#### [WHAT YOU NEED TO DO]
The listing below is to be given again in full and word for word, without its images.

#### [MATERIAL PROVIDED]

..............................

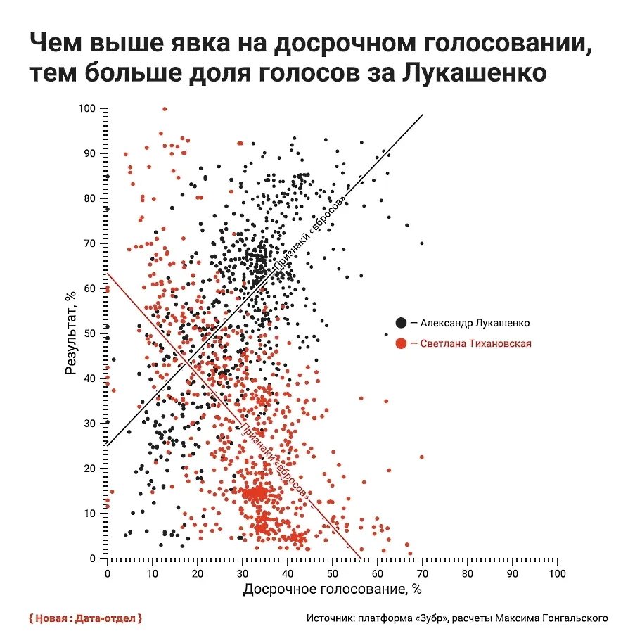 На участках с нормальной досрочной явкой Тихановская набрала больше голосов. «Высокий процент досрочки в целом связан со вбросами — комиссия вбрасывает [голоса за Лукашенко], пока никого нет. Но в этом тренде есть и объективная часть: оппозиция призывала голосовать в последний день, поэтому сторонники Тихановской пришли именно в последний день — на участках, где она набрала много голосов, досрочного голосования меньше», — говорит Гонгальский.
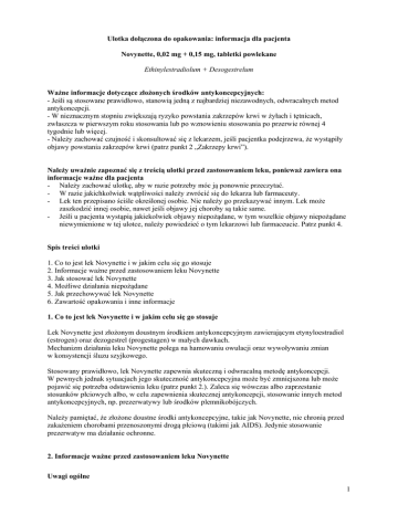 Ulotka dołączona do opakowania: informacja dla pacjenta Novynette, 0,02 mg + 0,15 mg, tabletki powlekane Ethinylestradiolum + Desogestrelum Ważne informacje dotyczące złożonych środków antykoncepcyjnych: - Jeśli są stosowane prawidłowo, stanowią jedną z najbardziej niezawodnych, odwracalnych metod antykoncepcji. - W nieznacznym stopniu zwiększają ryzyko powstania zakrzepów krwi w żyłach i tętnicach, zwłaszcza w pierwszym roku stosowania lub po wznowieniu stosowania po przerwie równej 4 tygodnie lub więcej. - Należy zachować czujność i skonsultować się z lekarzem, jeśli pacjentka podejrzewa, że wystąpiły objawy powstania zakrzepów krwi (patrz punkt 2 „Zakrzepy krwi”). Należy uważnie zapoznać się z treścią ulotki przed zastosowaniem leku, ponieważ zawiera ona informacje ważne dla pacjenta - Należy zachować ulotkę, aby w razie potrzeby móc ją ponownie przeczytać. - W razie jakichkolwiek wątpliwości należy zwrócić się do lekarza lub farmaceuty. - Lek ten przepisano ściśle określonej osobie. Nie należy go przekazywać innym. Lek może zaszkodzić innej osobie, nawet jeśli objawy jej choroby są takie same. - Jeśli u pacjenta wystąpią jakiekolwiek objawy niepożądane, w tym wszelkie objawy niepożądane niewymienione w tej ulotce, należy powiedzieć o tym lekarzowi lub farmaceucie. Patrz punkt 4. Spis treści ulotki 1. Co to jest lek Novynette i w jakim celu się go stosuje 2. Informacje ważne przed zastosowaniem leku Novynette 3. Jak stosować lek Novynette 4. Możliwe działania niepożądane 5. Jak przechowywać lek Novynette 6. Zawartość opakowania i inne informacje 1. Co to jest lek Novynette i w jakim celu się go stosuje Lek Novynette jest złożonym doustnym środkiem antykoncepcyjnym zawierającym etynyloestradiol (estrogen) oraz dezogestrel (progestagen) w małych dawkach. Mechanizm działania leku Novynette polega na hamowaniu owulacji oraz wywoływaniu zmian w konsystencji śluzu szyjkowego. Stosowany prawidłowo, lek Novynette zapewnia skuteczną i odwracalną metodę antykoncepcji. W pewnych jednak sytuacjach jego skuteczność antykoncepcyjna może być zmniejszona lub może pojawić się potrzeba odstawienia leku (patrz punkt 2.). Zaleca się wówczas albo zaprzestanie stosunków płciowych albo, w celu zapewnienia skutecznej antykoncepcji, stosowanie innych metod antykoncepcyjnych, np. prezerwatywy lub środków plemnikobójczych. Należy pamiętać, że złożone doustne środki antykoncepcyjne, takie jak Novynette, nie chronią przed zakażeniem chorobami przenoszonymi drogą płciową (takimi jak AIDS). Jedynie stosowanie prezerwatyw ma działanie ochronne. 2. Informacje ważne przed zastosowaniem leku Novynette Uwagi ogólne 1 Przed rozpoczęciem przyjmowania leku Novynette należy zapoznać się z informacjami dotyczącymi zakrzepów krwi (zakrzepica) w punkcie 2. Jest szczególnie ważne, aby zapoznać się z objawami wystąpienia zakrzepów krwi (patrz punkt 2 „Zakrzepy krwi”). Zanim będzie można rozpocząć stosowanie leku Novynette, lekarz zada pacjentce kilka pytań na temat zdrowia oraz na temat zdrowia bliskich krewnych. Lekarz zmierzy także ciśnienie krwi i, zależnie od indywidualnego przypadku, może także przeprowadzić niektóre inne badania. Kiedy nie stosować leku Novynette Nie należy stosować leku Novynette, jeśli u pacjentki występuje jakikolwiek z wymienionych poniżej stanów. Jeśli u pacjentki występuje jakikolwiek z wymienionych poniżej stanów, należy poinformować o tym lekarza. Lekarz omówi z pacjentką, jaki inny środek zapobiegania ciąży będzie bardziej odpowiedni. - Jeśli pacjentka ma uczulenie na etynyloestradiol lub dezogestrel lub którykolwiek z pozostałych składników tego leku (wymienionych w punkcie 6); może wystąpić świąd, wysypka lub obrzęk; - Jeśli u pacjentki obecnie występuje (lub kiedykolwiek występował) zakrzep krwi w naczyniach krwionośnych nóg (zakrzepica żył głębokich), w płucach (zatorowość płucna) lub w innych narządach; - Jeśli pacjentka wie, że ma zaburzenia wpływające na krzepliwość krwi - na przykład niedobór białka C, niedobór białka S, niedobór antytrombiny III, obecność czynnika V Leiden lub przeciwciał antyfosfolipidowych; - Jeśli pacjentka wymaga zabiegu chirurgicznego lub nie będzie chodziła przez długi czas (patrz punkt „Zakrzepy krwi”); - Jeśli pacjentka przeszła zawał mięśnia sercowego lub udar; - Jeśli pacjentka choruje (lub chorowała w przeszłości) na dusznicę bolesną (choroba, która powoduje silny ból w klatce piersiowej i może być pierwszym objawem zawału mięśnia sercowego) lub przemijający napad niedokrwienny (przemijające objawy udaru); - Jeśli pacjentka choruje na jakąkolwiek z poniższych chorób, które mogą zwiększać ryzyko powstania zakrzepu w tętnicy: - ciężka cukrzyca z uszkodzeniem naczyń krwionośnych, - bardzo wysokie ciśnienie krwi, - bardzo wysokie stężenie tłuszczów we krwi (cholesterolu lub triglicerydów), - chorobę nazywaną hiperhomocysteinemią; - Jeśli u pacjentki występuje (lub występował w przeszłości) rodzaj migreny nazywany „migreną z aurą”; - Jeśli u pacjentki występuje lub występowało w przeszłości zapalenie trzustki; - Jeśli u pacjentki występują lub występowały w przeszłości choroby wątroby, a nie doszło do powrotu czynności wątroby do normy; - Jeśli u pacjentki występują lub występowały w przeszłości nowotwory wątroby; - Jeśli u pacjentki występują, występowały w przeszłości lub podejrzewa się występowanie nowotworów. narządów płciowych lub piersi; - Jeśli u pacjentki występuje krwawienie z pochwy o nieustalonej przyczynie; - Jeśli u pacjentki występuje ciąża. Ostrzeżenia i środki ostrożności Przed rozpoczęciem stosowania leku Novynette należy omówić to z lekarzem lub farmaceutą. Kiedy należy skontaktować się z lekarzem? Należy natychmiast zg
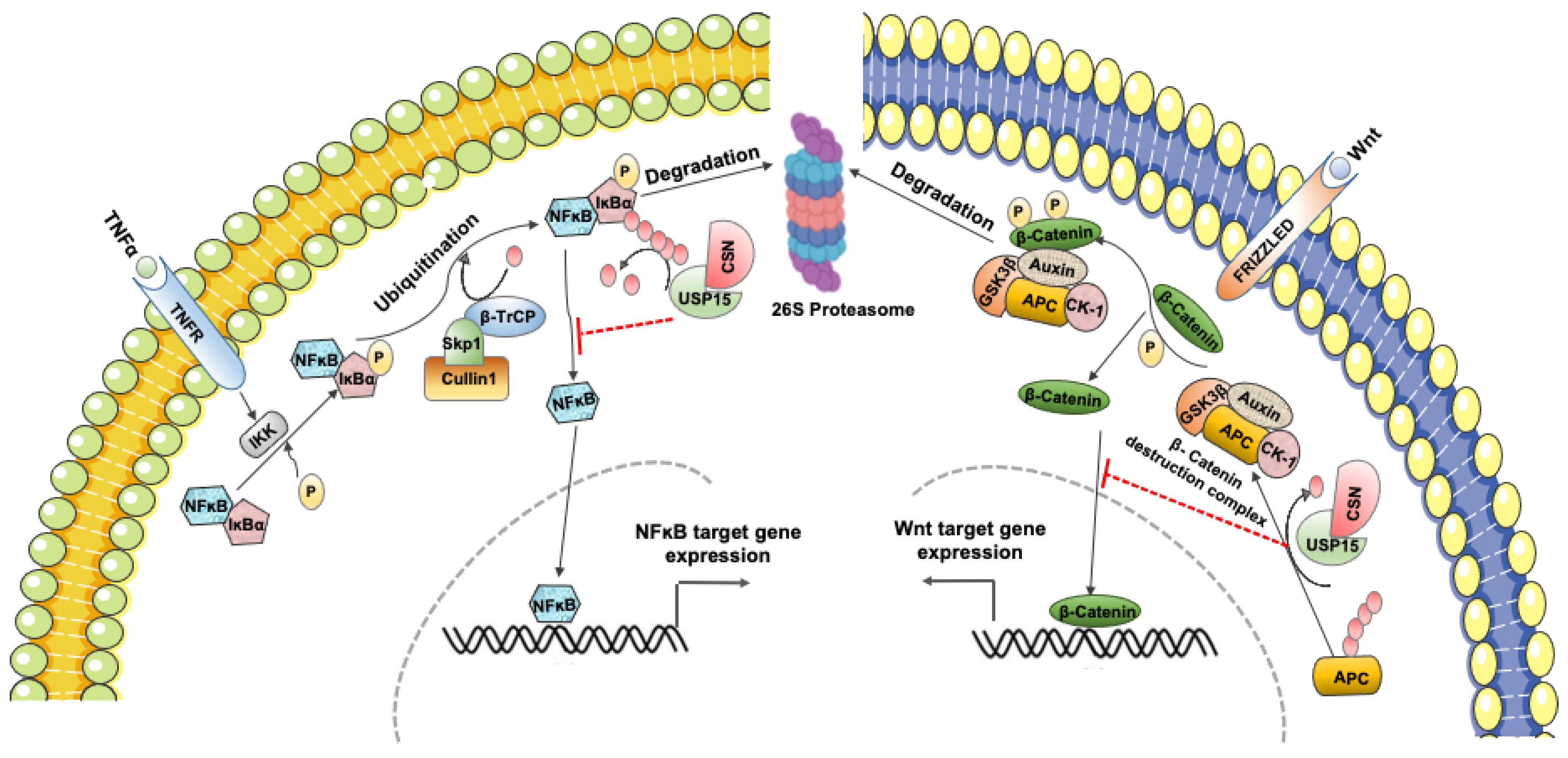 Figure 2. USP15 suppresses TNFα and Wnt signaling in association with CSN. Upon stimulation by TNFα, NF-ĸB is activated through phosphorylation and ubiquitin-dependent degradation of IĸB by CRL/SCFβTrCP E3 ubiquitin ligase to turn on its downstream target genes. USP15, in association with CSN, deubiquitinates and promotes IĸB stabilization by inhibiting CRL/SCFβTrCP activity and hinders NF-ĸB signaling (left) [33]. USP15 negatively regulates Wnt/β-catenin signaling by promoting the formation of the β-catenin destruction complex. In association with CSN, USP15 deubiquitinates and induces the stability of the essential component of the β-catenin destruction complex APC, which is required to target the phosphorylated β-catenin for CRLβ-TrCP-dependent proteasomal degradation (right) [35]. |

..............................

#### [TASK ANSWER]
 На участках с нормальной досрочной явкой Тихановская набрала больше голосов. «Высокий процент досрочки в целом связан со вбросами — комиссия вбрасывает [голоса за Лукашенко], пока никого нет. Но в этом тренде есть и объективная часть: оппозиция призывала голосовать в последний день, поэтому сторонники Тихановской пришли именно в последний день — на участках, где она набрала много голосов, досрочного голосования меньше», — говорит Гонгальский.
 Ulotka dołączona do opakowania: informacja dla pacjenta Novynette, 0,02 mg + 0,15 mg, tabletki powlekane Ethinylestradiolum + Desogestrelum Ważne informacje dotyczące złożonych środków antykoncepcyjnych: - Jeśli są stosowane prawidłowo, stanowią jedną z najbardziej niezawodnych, odwracalnych metod antykoncepcji. - W nieznacznym stopniu zwiększają ryzyko powstania zakrzepów krwi w żyłach i tętnicach, zwłaszcza w pierwszym roku stosowania lub po wznowieniu stosowania po przerwie równej 4 tygodnie lub więcej. - Należy zachować czujność i skonsultować się z lekarzem, jeśli pacjentka podejrzewa, że wystąpiły objawy powstania zakrzepów krwi (patrz punkt 2 „Zakrzepy krwi”). Należy uważnie zapoznać się z treścią ulotki przed zastosowaniem leku, ponieważ zawiera ona informacje ważne dla pacjenta - Należy zachować ulotkę, aby w razie potrzeby móc ją ponownie przeczytać. - W razie jakichkolwiek wątpliwości należy zwrócić się do lekarza lub farmaceuty. - Lek ten przepisano ściśle określonej osobie. Nie należy go przekazywać innym. Lek może zaszkodzić innej osobie, nawet jeśli objawy jej choroby są takie same. - Jeśli u pacjenta wystąpią jakiekolwiek objawy niepożądane, w tym wszelkie objawy niepożądane niewymienione w tej ulotce, należy powiedzieć o tym lekarzowi lub farmaceucie. Patrz punkt 4. Spis treści ulotki 1. Co to jest lek Novynette i w jakim celu się go stosuje 2. Informacje ważne przed zastosowaniem leku Novynette 3. Jak stosować lek Novynette 4. Możliwe działania niepożądane 5. Jak przechowywać lek Novynette 6. Zawartość opakowania i inne informacje 1. Co to jest lek Novynette i w jakim celu się go stosuje Lek Novynette jest złożonym doustnym środkiem antykoncepcyjnym zawierającym etynyloestradiol (estrogen) oraz dezogestrel (progestagen) w małych dawkach. Mechanizm działania leku Novynette polega na hamowaniu owulacji oraz wywoływaniu zmian w konsystencji śluzu szyjkowego. Stosowany prawidłowo, lek Novynette zapewnia skuteczną i odwracalną metodę antykoncepcji. W pewnych jednak sytuacjach jego skuteczność antykoncepcyjna może być zmniejszona lub może pojawić się potrzeba odstawienia leku (patrz punkt 2.). Zaleca się wówczas albo zaprzestanie stosunków płciowych albo, w celu zapewnienia skutecznej antykoncepcji, stosowanie innych metod antykoncepcyjnych, np. prezerwatywy lub środków plemnikobójczych. Należy pamiętać, że złożone doustne środki antykoncepcyjne, takie jak Novynette, nie chronią przed zakażeniem chorobami przenoszonymi drogą płciową (takimi jak AIDS). Jedynie stosowanie prezerwatyw ma działanie ochronne. 2. Informacje ważne przed zastosowaniem leku Novynette Uwagi ogólne 1 Przed rozpoczęciem przyjmowania leku Novynette należy zapoznać się z informacjami dotyczącymi zakrzepów krwi (zakrzepica) w punkcie 2. Jest szczególnie ważne, aby zapoznać się z objawami wystąpienia zakrzepów krwi (patrz punkt 2 „Zakrzepy krwi”). Zanim będzie można rozpocząć stosowanie leku Novynette, lekarz zada pacjentce kilka pytań na temat zdrowia oraz na temat zdrowia bliskich krewnych. Lekarz zmierzy także ciśnienie krwi i, zależnie od indywidualnego przypadku, może także przeprowadzić niektóre inne badania. Kiedy nie stosować leku Novynette Nie należy stosować leku Novynette, jeśli u pacjentki występuje jakikolwiek z wymienionych poniżej stanów. Jeśli u pacjentki występuje jakikolwiek z wymienionych poniżej stanów, należy poinformować o tym lekarza. Lekarz omówi z pacjentką, jaki inny środek zapobiegania ciąży będzie bardziej odpowiedni. - Jeśli pacjentka ma uczulenie na etynyloestradiol lub dezogestrel lub którykolwiek z pozostałych składników tego leku (wymienionych w punkcie 6); może wystąpić świąd, wysypka lub obrzęk; - Jeśli u pacjentki obecnie występuje (lub kiedykolwiek występował) zakrzep krwi w naczyniach krwionośnych nóg (zakrzepica żył głębokich), w płucach (zatorowość płucna) lub w innych narządach; - Jeśli pacjentka wie, że ma zaburzenia wpływające na krzepliwość krwi - na przykład niedobór białka C, niedobór białka S, niedobór antytrombiny III, obecność czynnika V Leiden lub przeciwciał antyfosfolipidowych; - Jeśli pacjentka wymaga zabiegu chirurgicznego lub nie będzie chodziła przez długi czas (patrz punkt „Zakrzepy krwi”); - Jeśli pacjentka przeszła zawał mięśnia sercowego lub udar; - Jeśli pacjentka choruje (lub chorowała w przeszłości) na dusznicę bolesną (choroba, która powoduje silny ból w klatce piersiowej i może być pierwszym objawem zawału mięśnia sercowego) lub przemijający napad niedokrwienny (przemijające objawy udaru); - Jeśli pacjentka choruje na jakąkolwiek z poniższych chorób, które mogą zwiększać ryzyko powstania zakrzepu w tętnicy: - ciężka cukrzyca z uszkodzeniem naczyń krwionośnych, - bardzo wysokie ciśnienie krwi, - bardzo wysokie stężenie tłuszczów we krwi (cholesterolu lub triglicerydów), - chorobę nazywaną hiperhomocysteinemią; - Jeśli u pacjentki występuje (lub występował w przeszłości) rodzaj migreny nazywany „migreną z aurą”; - Jeśli u pacjentki występuje lub występowało w przeszłości zapalenie trzustki; - Jeśli u pacjentki występują lub występowały w przeszłości choroby wątroby, a nie doszło do powrotu czynności wątroby do normy; - Jeśli u pacjentki występują lub występowały w przeszłości nowotwory wątroby; - Jeśli u pacjentki występują, występowały w przeszłości lub podejrzewa się występowanie nowotworów. narządów płciowych lub piersi; - Jeśli u pacjentki występuje krwawienie z pochwy o nieustalonej przyczynie; - Jeśli u pacjentki występuje ciąża. Ostrzeżenia i środki ostrożności Przed rozpoczęciem stosowania leku Novynette należy omówić to z lekarzem lub farmaceutą. Kiedy należy skontaktować się z lekarzem? Należy natychmiast zg
 Figure 2. USP15 suppresses TNFα and Wnt signaling in association with CSN. Upon stimulation by TNFα, NF-ĸB is activated through phosphorylation and ubiquitin-dependent degradation of IĸB by CRL/SCFβTrCP E3 ubiquitin ligase to turn on its downstream target genes. USP15, in association with CSN, deubiquitinates and promotes IĸB stabilization by inhibiting CRL/SCFβTrCP activity and hinders NF-ĸB signaling (left) [33]. USP15 negatively regulates Wnt/β-catenin signaling by promoting the formation of the β-catenin destruction complex. In association with CSN, USP15 deubiquitinates and induces the stability of the essential component of the β-catenin destruction complex APC, which is required to target the phosphorylated β-catenin for CRLβ-TrCP-dependent proteasomal degradation (right) [35]. |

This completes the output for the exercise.